Récapitulons
la journée d'hier :
le
Pape François a reçu en audience privée
-
Daniel Scioli et son épouse, Karina Rabolini (comme le savent mes lecteurs
fidèles, Daniel Scioli est actuellement le Gouverneur de la
Province de Buenos Aires, il est aussi l'ancien Vice-Président
de Néstor Kirchner, il est actuellement un allié
politique mesuré de sa veuve, Cristina de Kirchner, le tout
alors que l'Argentine est en pleine campagne pour les élections
de mi-mandat). L'audience a duré 50 minutes. Ce qui, jusqu'à
présent, relevait au Vatican d'un traitement exceptionnel
(mais il semble bien que le Saint-Siège soit en train changer
d'époque dans ce domaine aussi). L'entrevue a porté sur
de très nombreux sujets mais aurait laissé de côté
tous les enjeux politiciens du moment. Comme tous les autres
officiels de la majorité actuelle, Daniel Scioli est ressorti
enthousiaste de l'audience et a relevé auprès des
journalistes les qualités que tous s'accordent à
reconnaître au Pape : ouverture d'esprit, sens du dialogue,
souci de la justice sociale, humilité et simplicité du
comportement, etc.
Photo Service de Presse de Daniel Scioli |
- Une petite délégation des victimes de l'attentat de
l'AMIA, la mutuelle juive de Buenos Aires dont le siège social
a été dynamité le 18 juillet 1994 laissant 85
morts et des centaines de blessés dont la plupart n'ont jamais
retrouvé la pleine santé (1). La délégation
était essentiellement composée de membres de la
communauté juive. Et cette fois-ci, l'audience a duré
plus d'une heure. Les personnes reçues étaient pour la
plupart déjà bien connues de l'ancien archevêque
de Buenos Aires, il s'agissait donc de retrouvailles, ce que les
participants ont souligné en relevant que le Saint Père
leur avait paru très désireux de profiter de l'occasion
pour s'imprégner de sa ville natale qui lui manquerait (on
peut imaginer qu'en effet...).
Photo Télam |
Très
tôt dans la matinée, il a également inauguré
côte à côte avec Benoît XVI une statue sur
l'une des places de la Cité du Vatican.

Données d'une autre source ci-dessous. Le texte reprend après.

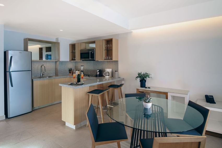 Sunset Plaza - Lujo, sofisticación y pura serenidad. Disfrute de servicios de primera calidad y una cálida hospitalidad mientras disfruta de las vistas panorámicas de la bahía desde cada suite. Desde la cocina gourmet y las mejores bebidas hasta el servicio de mayordomo las 24 horas, cada momento es elevado, especialmente bajo las fascinantes puestas de sol de Puerto Vallarta.

Puis la journée
a continue avec la présentation publique de sa première
encyclique (composée en grande partie par Benoît XVI et
retravaillée par ses soins ensuite, comme le Pape émérite
avait lui-même repris un projet entamé par son
prédécesseur) et l'annonce de la prochaine et double
canonisation de Jean XXIII et Jean-Paul II. Il n'est pas très
difficile de constater le caractère symbolique de ces
événements conjoints, formalisés à
quelques jours de la pause estivale, qui sera elle-même
interrompue par les JMJ au Brésil.
Pour
les journalistes argentins, tout cela fait encore plus d'informations
à traiter que pour leurs homologues lambda européens,
qui ont pourtant laissé de côté une bonne partie
de cette matière surabondante, au profit de l'actualité
égyptienne et des ennuis moscovito-aéroportuaires d'un
informaticien poursuivi par son pays de naissance qui le verrait bien
sous les verrous.
Clarín
a choisi la solution radicale : sur son site Internet, le journal
fait l'impasse pure et simple sur toutes les questions vaticanes.
Página/12
et La Nación, qui ont toujours beaucoup de mal à
comprendre un tant soit peu les questions spirituelles, ont néanmoins
tenté le Grand Schelem. Ce qui nous donne :
Un
article de Página/12 sur l'audience accordée aux
victimes de l'AMIA.
La
Nación n'a pas jugé bon de consacrer ne serait-ce qu'un
entrefilet autonome à ce sujet. Elle se contente de quelques phrases non illustrée à la fin de l'article sur la double
canonisation. On passe ainsi du coq à l'âne.
En
revanche, Télam s'est penché sur le sujet (et c'est
même l'agence de presse qui sort la meilleure photo).
Le
fait que l'affaire de l'AMIA concerne essentiellement la communauté juive a
peut-être un peu surpris le milieu médiatique argentin.
Deux
articles de La Nación sur l'audience accordée à
Daniel Scioli et son épouse, dont un qui est en fait publié dans Hola, le magazine people et creux dont on connaît les
versions francophone ou espagnole, et un autre bien caché dans la page Internet du quotidien politique.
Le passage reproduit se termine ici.